• Exercise instructions
From the first line of the material below through the line containing "Manokwari – Kapolda", print every line exactly as it stands, but no pictures.

• Provided information
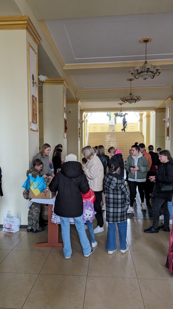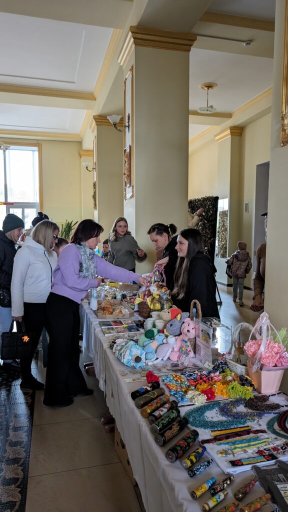 У холі гостей заходу зустрічали місцеві волонтери, які організували ярмарок-розпродаж смаколиків, виробів ручної роботи та багато іншого.
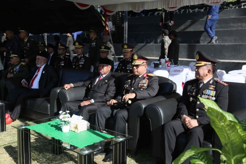 Manokwari – Kapolda Papua Barat Irjen Pol Johnny Eddizon Isir, S.I.K., M.T.C.P. menghadiri upacara peringatan Hari Ulang Tahun Tentara Nasional Indonesia (TNI) ke-80 yang digelar di Makodam XVIII/Kasuari, Manokwari, Minggu (5/10/2025).
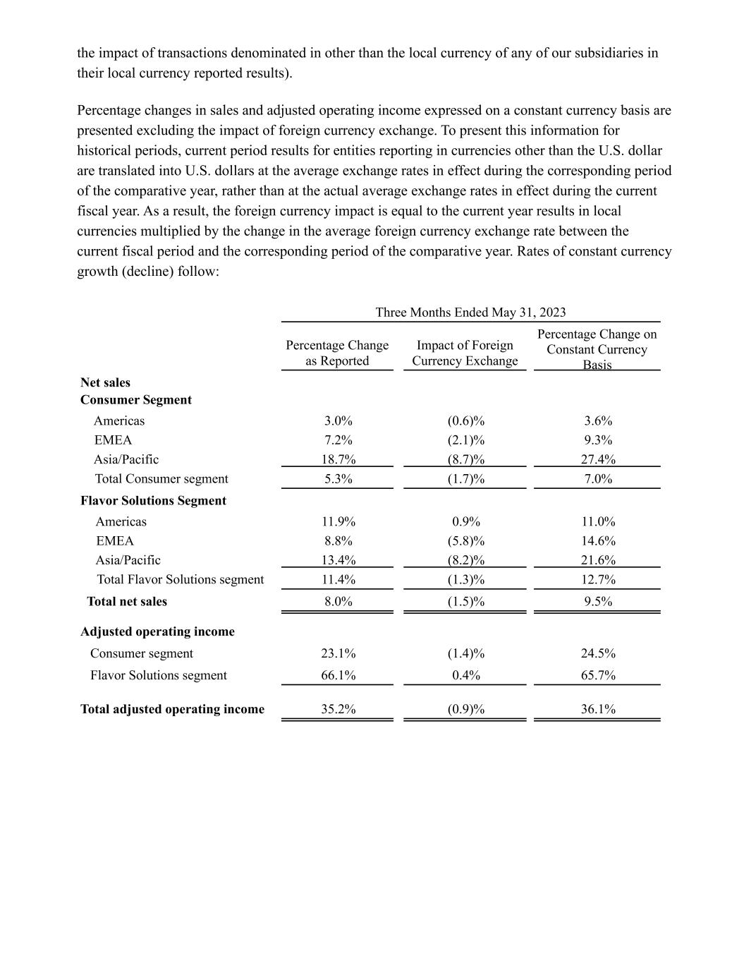 the impact of transactions denominated in other than the local currency of any of our subsidiaries in their local currency reported results). Percentage changes in sales and adjusted operating income expressed on a constant currency basis are presented excluding the impact of foreign currency exchange. To present this information for historical periods, current period results for entities reporting in currencies other than the U.S. dollar are translated into U.S. dollars at the average exchange rates in effect during the corresponding period of the comparative year, rather than at the actual average exchange rates in effect during the current fiscal year. As a result, the foreign currency impact is equal to the current year results in local currencies multiplied by the change in the average foreign currency exchange rate between the current fiscal period and the corresponding period of the comparative year. Rates of constant currency growth (decline) follow: Three Months Ended May 31, 2023 Percentage Change as Reported Impact of Foreign Currency Exchange Percentage Change on Constant Currency Basis Net sales Consumer Segment Americas 3.0% (0.6)% 3.6% EMEA 7.2% (2.1)% 9.3% Asia/Pacific 18.7% (8.7)% 27.4% Total Consumer segment 5.3% (1.7)% 7.0% Flavor Solutions Segment Americas 11.9% 0.9% 11.0% EMEA 8.8% (5.8)% 14.6% Asia/Pacific 13.4% (8.2)% 21.6% Total Flavor Solutions segment 11.4% (1.3)% 12.7% Total net sales 8.0% (1.5)% 9.5% Adjusted operating income Consumer segment 23.1% (1.4)% 24.5% Flavor Solutions segment 66.1% 0.4% 65.7% Total adjusted operating income 35.2% (0.9)% 36.1%
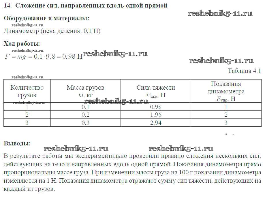 Готовая домашняя работа с ответами по Физике за 7 класс Белага, Воронцова, Жумаев, Ломаченков, Панебратцев Тетрадь-практикум Сферы Просвещение 2012 ФГОС - Лабораторные работы №14. Сложение сил, направленных вдоль одной прямой
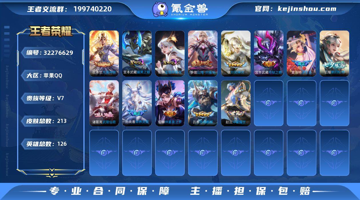 【4961】安卓Q-V7-最强王者段位-127英雄-267皮肤-1典藏皮肤-17传说-70史诗 【英雄全皮】:孙权全皮,影全皮 【荣耀典藏】:李白鸣剑曳影 【传说皮肤】:云缨神骥越千峰,后羿神树通天,云缨幻光神枪,桑启鸣野蒿,亚连落雪白狼,云缨鹤归松栖,马超无双飞将,王昭君乞巧织情,铠绛天战甲,镜炽阳神光,李信一念神魔,花木兰冠军飞将,后羿黄金射手座,貂蝉仲夏夜之梦,孙尚香末日机甲,宫本武藏地狱之眼,孙悟空地狱火 【限定皮肤】:大乔绒语心约,姜子牙天穹之誓,杨戬破阵退雄兵,狄仁杰阴阳师,赵云皇家上将,墨子神迹守卫,庄周高山流水,马可波罗山海玄木吟,狄仁杰魔术师,狄仁杰万华元夜,达摩沙漠行僧,项羽海滩派对,老夫子航海奇遇记,安琪拉魔法小厨娘,程咬金演武夺筹,韩信傲雪梅枪,兰陵王金庭之子,孙悟空美猴王,李元芳云中旅人,钟馗驱傩正仪,干将莫邪胡桃夹子,雅典娜黎明之约,鬼谷子五谷丰年,苏烈千军破阵,百里玄策原初追逐者,百里守约朱雀志,梦奇顽趣,沈梦溪大漠名商,裴擒虎李小龙,裴擒虎擒涛扼浪,上官婉儿梁祝,嫦娥拒霜思,西施玲珑珍味,鲁班大师探海日志,桑启海盐诗旅,戈娅驭风魔法,艾琳女武神,云缨鹤归松栖,阿古朵江河有灵,张良古...
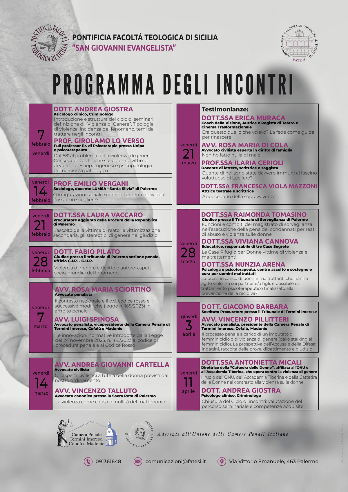 Il Ciclo di Seminari prevede inoltre 4 testimonianze di Donne vittime di Violenza di Genere, che racconteranno le loro storie e di come sono riuscite a liberarsi dei loro aguzzini: Dott.ssa Erica Muraca, Coach della Visione, Autrice e Regista di Teatro e Cinema Trasformazionale; Avv. Rosa Maria Di Cola, avvocato civilista esperta in diritto di famiglia; Prof.ssa Ilaria Cerioli, docente di lettere, scrittrice e saggista; Dott.ssa Francesca Viola Mazzoni, attrice teatrale e scrittrice.
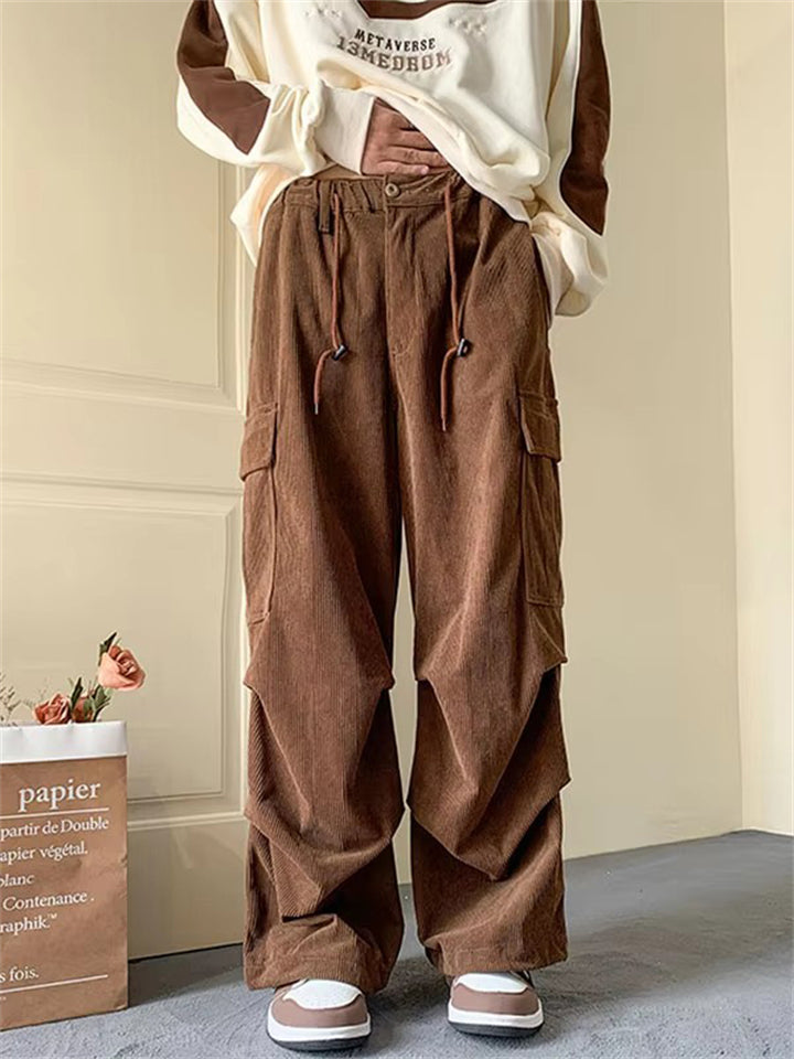 Men's Corduroy Lace Up Multi-Pocket Baggy Cargo Pants$44.20 USD$95.00 USD
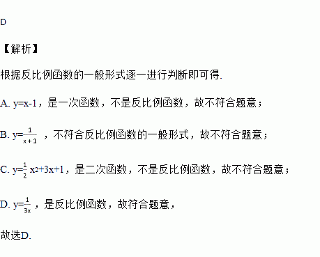下列函数中,反比例函数是( )
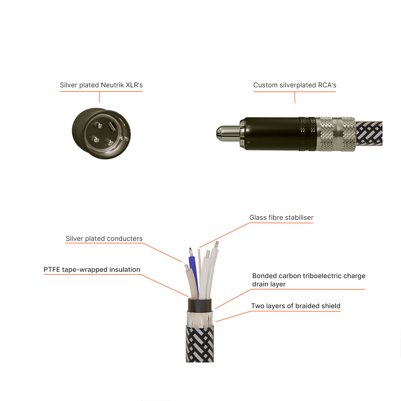 Look no further if you want the perfect link between our PreAmplifier Kit, Nilai power amplifiers or active (fusion amp powered) loudspeakers. The RCA - XLR interconnects have silver plated plated connectors to guarantee an optimal, uncolored signal transmission. Hypex Direct Interconnects are the best protected audio signal cables in the industry because of their Silver-plated conductors with PTFE tape-wrapped insulation, glass-fibre stabilisers and two layers of braided shield over a bonded carbon triboelectric charge drain layer.

• Exercise response
 У холі гостей заходу зустрічали місцеві волонтери, які організували ярмарок-розпродаж смаколиків, виробів ручної роботи та багато іншого.
 Manokwari – Kapolda Papua Barat Irjen Pol Johnny Eddizon Isir, S.I.K., M.T.C.P. menghadiri upacara peringatan Hari Ulang Tahun Tentara Nasional Indonesia (TNI) ke-80 yang digelar di Makodam XVIII/Kasuari, Manokwari, Minggu (5/10/2025).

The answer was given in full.